To design the present model, a three-dimensional approach is employed. The blades are meticulously drawn in SOLIDWORKS software at a specific angle and distance from the central axis, after which they are imported into the Design Modeler software to create an integrated blade design. In the space surrounding the turbine blades, a special cylinder is created to make the water flow in a continuous circular motion. In contrast, a rectangular cube space is designed to allow for free water flow.
The meshing of the model was done through ANSYS Meshing software using an unstructured mesh type to ensure maximum flexibility and accuracy. The method used to increase the meshing accuracy is Tetrahedrons, and the element number is 7,758,370.
The Mesh Motion (Sliding Mesh) technique is used to simulate the rotation of the turbine blades.

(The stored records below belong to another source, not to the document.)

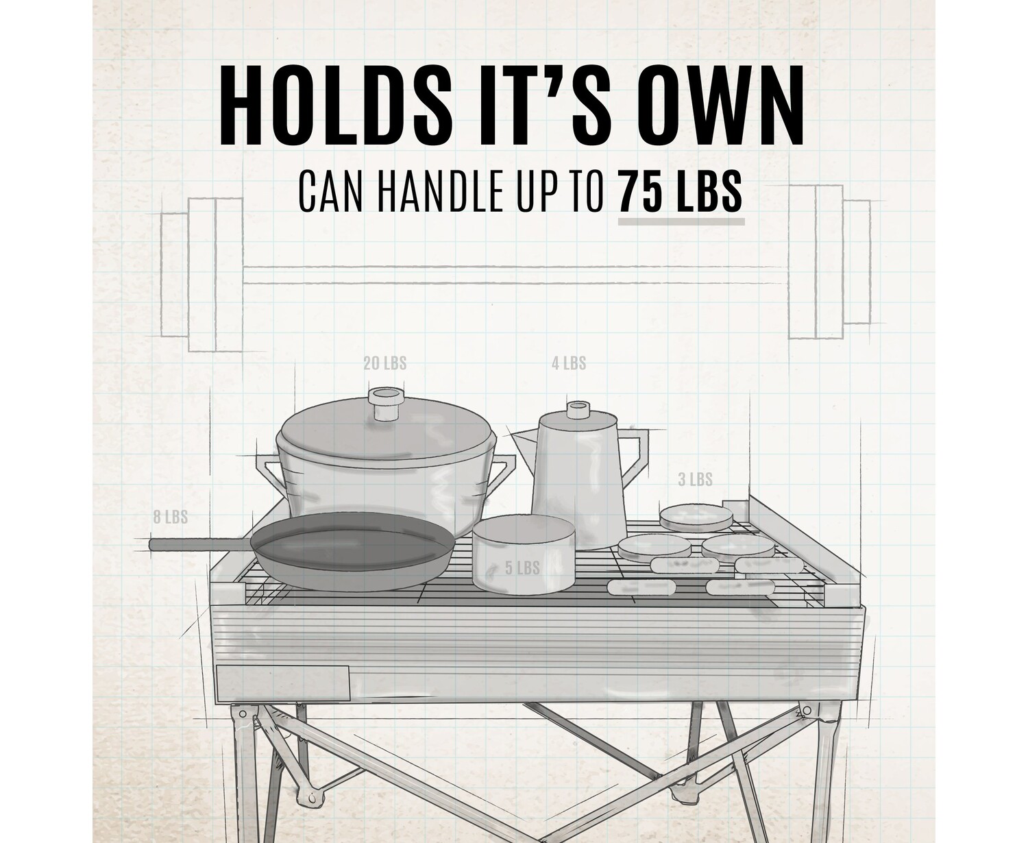 Heavy-Duty 4mm, 304 Stainless Steel Rods Design Holds Up To 75lbs of meat, veggies, pots, and pans.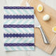 Mint, Navy Blue, White Geometric Striped Pattern Tea Towel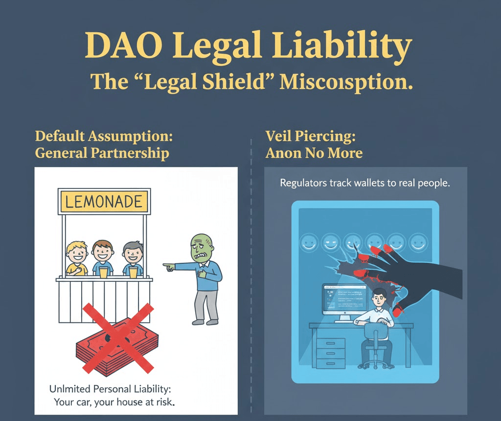 最大的误解是,“去中心化”让您隐形。事实并非如此。如果法律“穿透面纱”,那就意味着他们正在拆毁那堵墙。他们会辩称,DAO 只是一个“幌子”,屏幕后面真正的人才是欠钱的人。
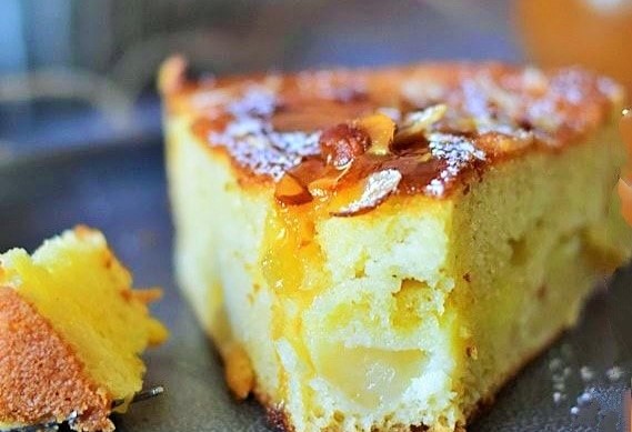 كعكة الزبادي بالإجاص ورقائق اللوز

Therefore, for the cylindrical region, the mesh mode is defined by defining a rotational speed of 60 rpm around the central horizontal axis of the turbine. The VOF method is used In this simulation.
On top of the mentioned activated models, the standard k-epsilon model is used to solve the turbulent fluid equations. The present study is performed in transient format and 3D. Moreover, the simulation takes into account the effects of gravity in the Y direction, with a magnitude of -9.81 meters per second squared.
At the conclusion of the solution process, contours in both two and three dimensions are obtained that relate to pressure, velocity, path lines, and velocity vectors. The highest velocity occurs in close proximity to the blades in rotation. Additionally, all potential outcomes can be extracted, such as the pressure drop equaling 2.9811e+4.
Cavitation is a phenomenon in which the static pressure of a liquid drops below the vapor pressure of the liquid, leading to the formation of small voids filled with vapor in the liquid. Vapor volume fraction Contours show where the cavitation happened.